====== DATA ======

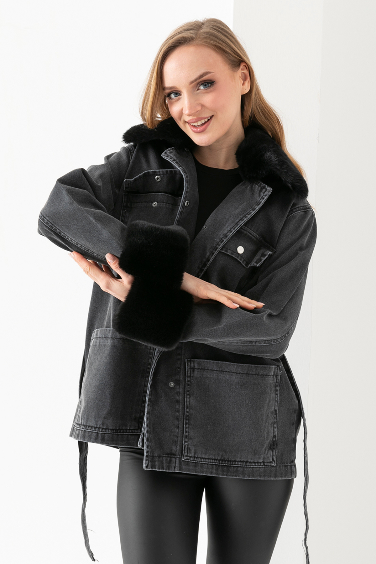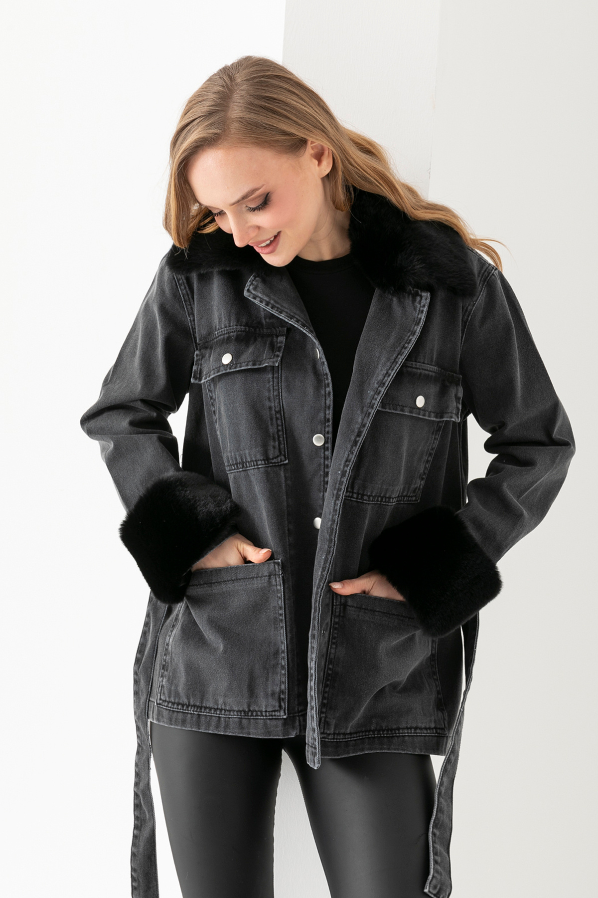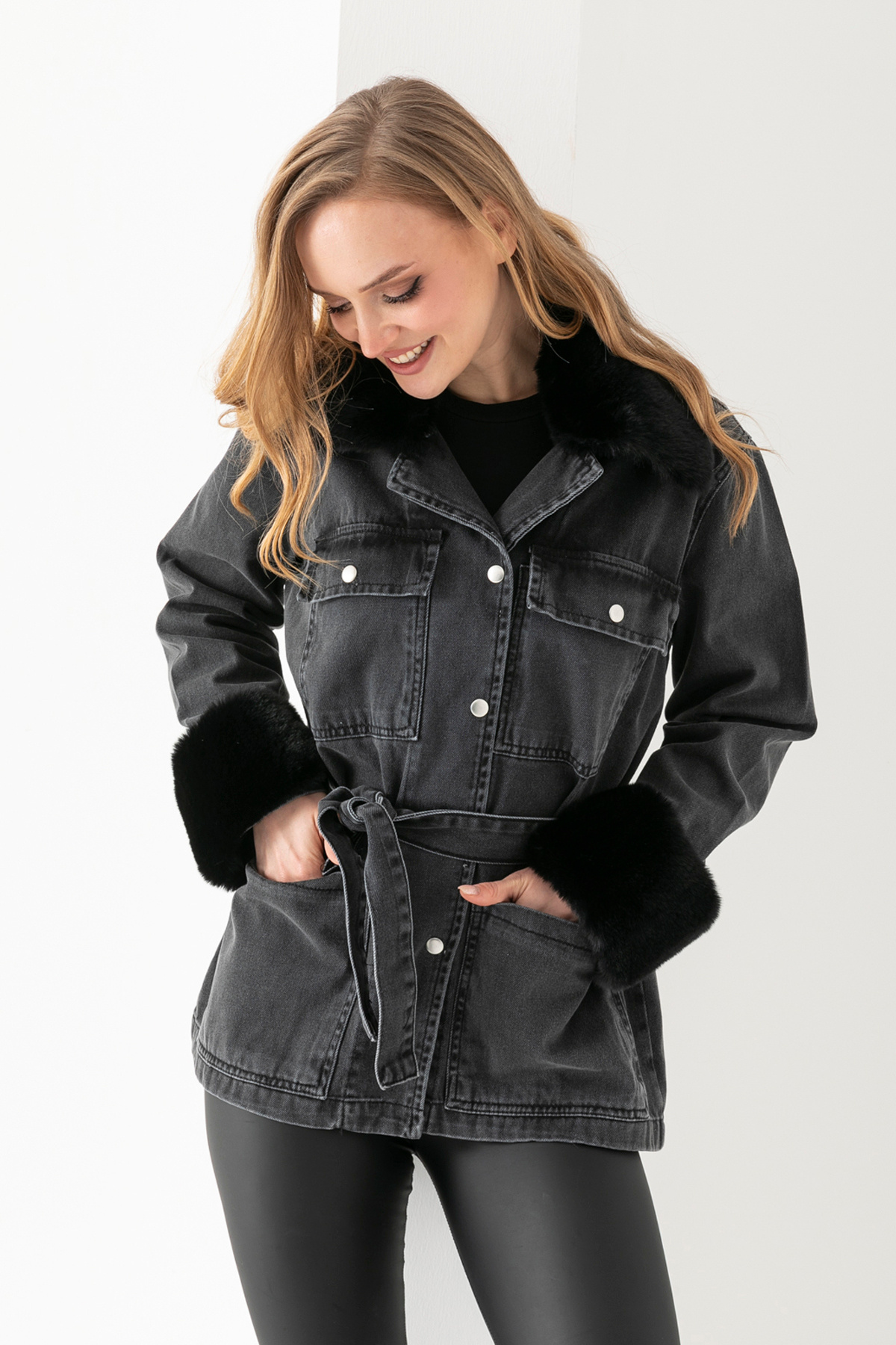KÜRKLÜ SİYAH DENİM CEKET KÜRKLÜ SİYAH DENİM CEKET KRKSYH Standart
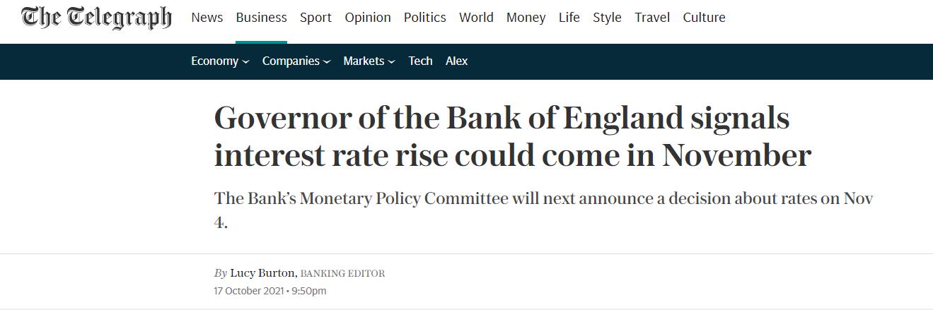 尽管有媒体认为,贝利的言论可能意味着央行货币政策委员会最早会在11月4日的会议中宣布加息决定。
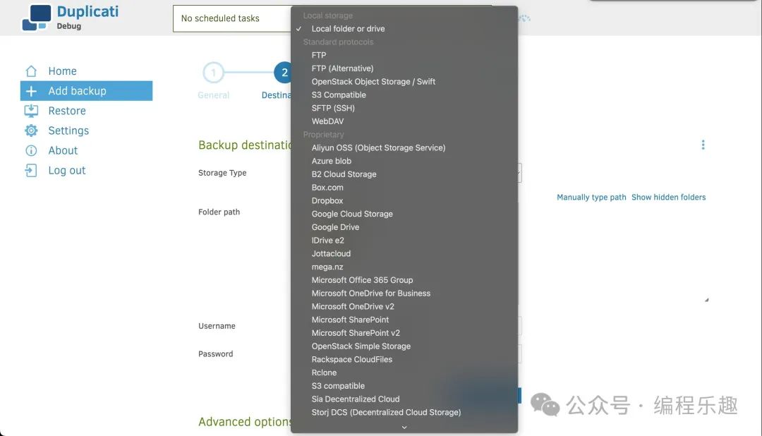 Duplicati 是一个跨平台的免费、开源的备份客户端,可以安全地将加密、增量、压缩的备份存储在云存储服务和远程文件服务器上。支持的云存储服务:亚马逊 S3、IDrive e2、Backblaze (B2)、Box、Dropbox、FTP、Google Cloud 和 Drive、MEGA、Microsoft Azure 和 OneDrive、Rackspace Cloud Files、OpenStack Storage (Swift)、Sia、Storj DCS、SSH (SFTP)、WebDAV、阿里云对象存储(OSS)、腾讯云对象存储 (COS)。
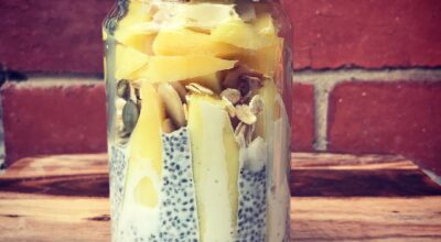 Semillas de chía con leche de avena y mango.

======
====== DATA ======

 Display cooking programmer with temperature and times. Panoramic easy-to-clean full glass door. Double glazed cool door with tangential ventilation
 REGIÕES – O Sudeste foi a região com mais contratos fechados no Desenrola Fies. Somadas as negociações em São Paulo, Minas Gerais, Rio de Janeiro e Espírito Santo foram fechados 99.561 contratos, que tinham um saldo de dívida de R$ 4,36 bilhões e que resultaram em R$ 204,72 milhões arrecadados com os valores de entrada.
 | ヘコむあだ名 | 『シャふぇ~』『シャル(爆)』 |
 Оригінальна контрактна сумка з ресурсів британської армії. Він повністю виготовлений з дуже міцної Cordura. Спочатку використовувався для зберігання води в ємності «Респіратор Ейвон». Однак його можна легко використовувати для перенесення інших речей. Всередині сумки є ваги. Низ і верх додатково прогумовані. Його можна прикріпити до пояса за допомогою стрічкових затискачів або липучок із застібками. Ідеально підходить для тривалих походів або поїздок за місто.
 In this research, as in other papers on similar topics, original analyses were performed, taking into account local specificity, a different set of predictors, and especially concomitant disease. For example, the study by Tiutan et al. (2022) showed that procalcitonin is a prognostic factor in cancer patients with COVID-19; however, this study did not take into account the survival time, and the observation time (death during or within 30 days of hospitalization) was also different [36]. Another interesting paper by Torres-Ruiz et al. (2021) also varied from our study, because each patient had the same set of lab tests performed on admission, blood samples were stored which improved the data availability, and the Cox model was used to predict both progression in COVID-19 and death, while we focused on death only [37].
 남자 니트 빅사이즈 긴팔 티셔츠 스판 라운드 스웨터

======
====== DATA ======

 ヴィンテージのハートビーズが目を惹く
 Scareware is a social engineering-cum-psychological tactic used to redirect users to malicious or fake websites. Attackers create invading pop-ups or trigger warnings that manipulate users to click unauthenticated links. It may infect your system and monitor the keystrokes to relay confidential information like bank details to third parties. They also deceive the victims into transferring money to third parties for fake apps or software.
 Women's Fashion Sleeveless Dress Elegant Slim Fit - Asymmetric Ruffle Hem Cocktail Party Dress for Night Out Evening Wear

======

■ THE PROBLEM: With the pictures left out, write out exactly the lines above from the one containing "KÜRKLÜ SİYAH DENİM CEKET KÜRKLÜ" through the one containing "尽管有媒体认为,贝利的言论可".

■ EXERCISE RESULT:
KÜRKLÜ SİYAH DENİM CEKET KÜRKLÜ SİYAH DENİM CEKET KRKSYH Standart
 尽管有媒体认为,贝利的言论可能意味着央行货币政策委员会最早会在11月4日的会议中宣布加息决定。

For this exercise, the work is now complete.